By applying careful optimization techniques, the NVIDIA team successfully reduced the CUDA 12 libcuml dynamic shared object (DSO) size from approximately 690 MB to 490 MB—a reduction of nearly 200 MB or ~30%.

Smaller binaries provide:

Faster downloads from PyPI
Reduced storage requirements for users
Quicker container builds for deployment
Lower bandwidth costs for distribution

Reducing binary size required a systematic approach to identifying and eliminating bloat in the CUDA C++ codebase. Later in the post, we share the techniques used to accomplish this, which can benefit any team working with CUDA C++ libraries. We hope that these methods will help library developers manage the size of their binaries and promote the ecosystem of CUDA C++ libraries to move toward more manageable binary sizes.

Why are CUDA binaries so large?

If you’ve ever shipped CUDA C++ code as a compiled binary, you’ve likely noticed that these libraries are significantly larger than equivalent C++ libraries offering similar features. CUDA C++ libraries contain numerous kernels (GPU functions) that form the bulk of the binary size. Each kernel instantiation is essentially a cross product of:

All template parameters used in the code
Real GPU architectures that the library supports, compiled in the form of Real-ISA machine code which is the final binary format used for executing CUDA code

As you add more features and support newer architectures, binary sizes can quickly become intractable. Even supporting just a single architecture results in binaries considerably larger than CPU-only libraries with the same feature set.

Note that the techniques shared here aren’t a panacea for all binary size issues, and they don’t cover every possible optimization method. We’re highlighting some of the better practices that worked for us at cuML and other RAPIDS libraries like RAFT and cuVS. Keep in mind that examples are somewhat general and developers must often consider tradeoffs between binary size and runtime performance.

Understanding CUDA Whole Compilation mode

Before diving into solutions, it’s crucial to understand how CUDA compilation works by default.

CUDA C++ libraries are typically compiled in Whole Compilation mode. This means that every Translation Unit (TU)—that is, each .cu source file—that directly launches a kernel with triple chevron syntax (kernel<<<...>>>) includes a copy of the kernel. While the standard C++ link process removes duplicate symbols from the final binary, the CUDA C++ link process keeps all copies of a kernel compiled into a TU.

Graphic with three parts labeled (left to right) Source Files, Compilation, and Final Binary with arrows between and code. — *Figure 1. Duplicate kernel instances linked in final binary*

To check whether there are duplicate kernel instantiations in your DSO, you can run the following command:

cuobjdump -symbols libcuml.so | grep STO_ENTRY | sort -b | uniq -c | sort -gb

Note: While enabling CUDA Separable Compilation can filter out duplicate kernels, it’s not a complete solution. In fact, enabling it by default may actually increase binary size and link time in some cases. For more details, see Build CUDA Software at the Speed of Light.

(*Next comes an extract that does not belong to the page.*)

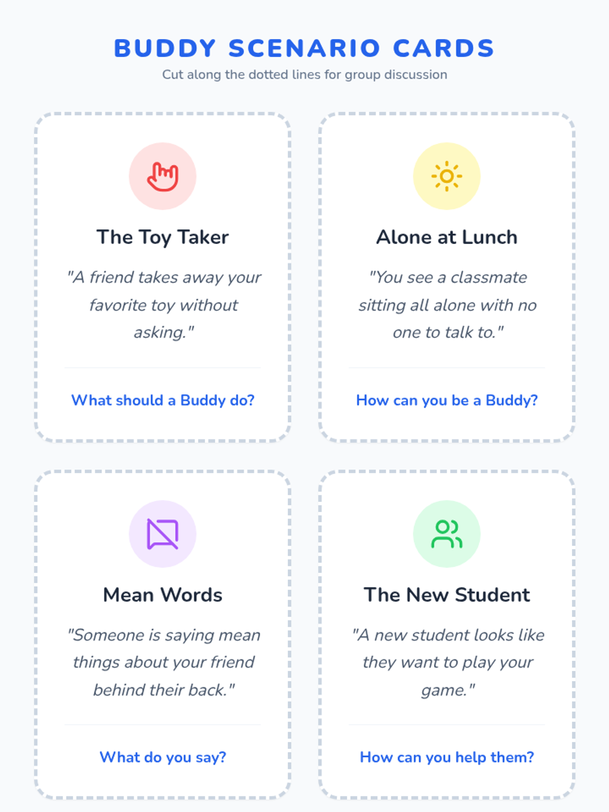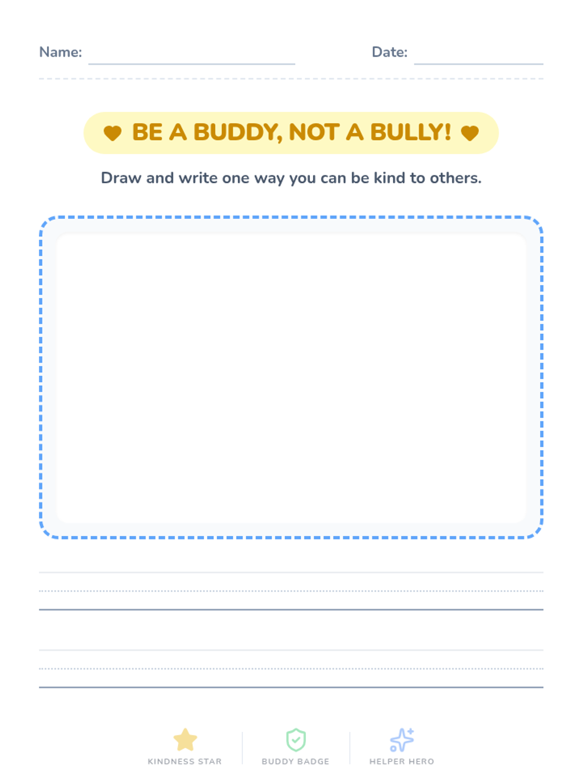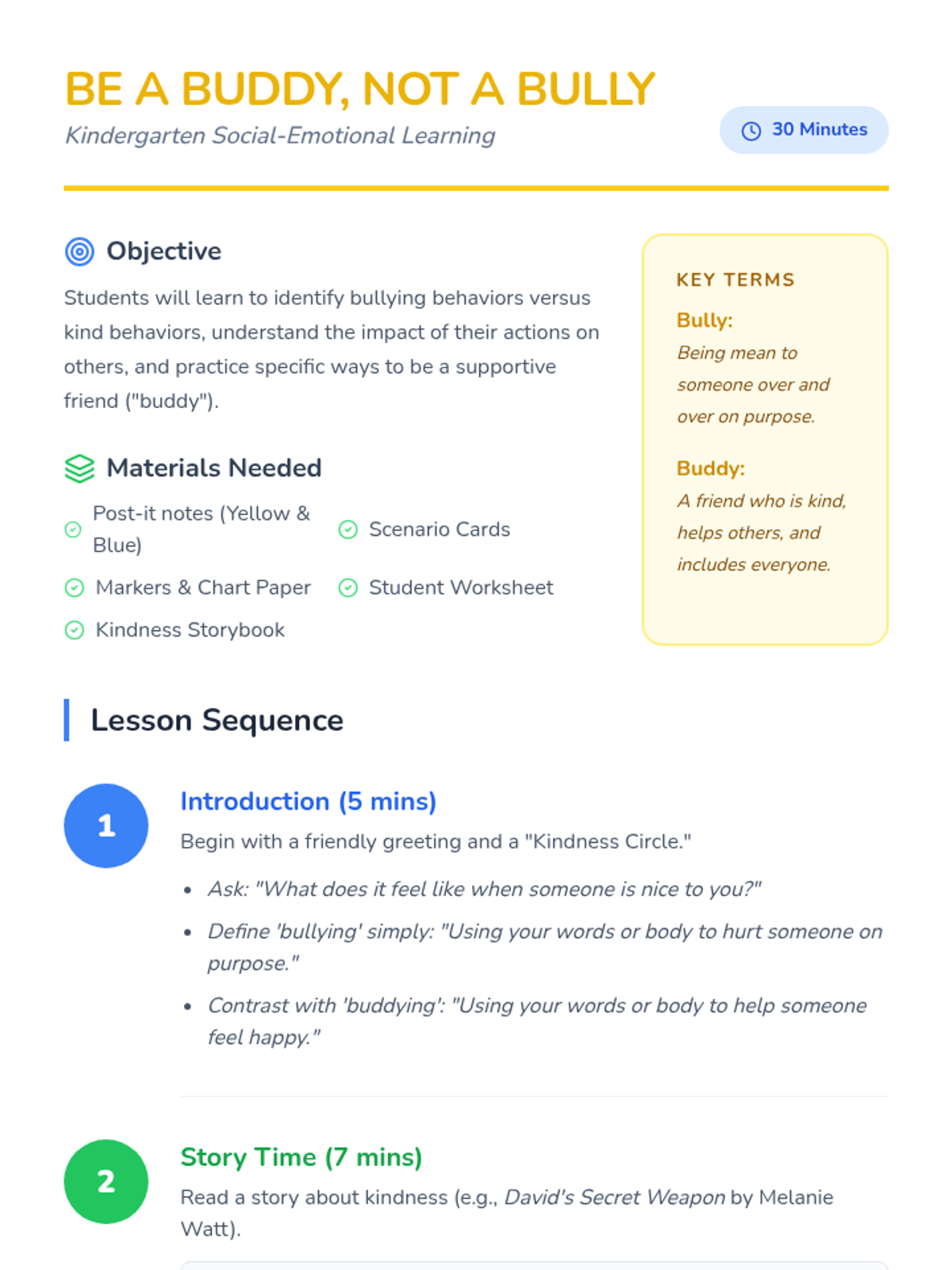 A Kindergarten lesson focused on identifying bullying behaviors and practicing kindness through stories, discussions, and creative activities.

Removing duplicate kernel instances programmatically

The key to solving this problem is to separate the kernel function definition from the declaration, ensuring each kernel is compiled in exactly one TU. Here’s how to structure this:

Function declaration (kernel.hpp):

namespace library {

void kernel_launcher();

}

Function and kernel compilation in one TU only (kernel.cu):

#include <library/kernel.hpp>


__global__ void kernel() {
 /// code body
}

void kernel_launcher() {
 kernel<<<...>>>();
}

Requesting kernel execution (example.cu):

#include <library/kernel.hpp>

namespace library {
 kernel_launcher();
}

By separating the kernel function definition from the declaration, it’s compiled in one TU and a launcher construct is used to call it from other TUs. This host-side wrapper is necessary because adding a kernel function body in one TU and including the header of the kernel definition in another TU to launch the kernel is not allowed.

Optimizing shared kernel function templates in header files

If you’re shipping a header-only CUDA C++ library or a compiled binary with shared utility kernels using function templates, you face a challenge: function templates are instantiated at the call site.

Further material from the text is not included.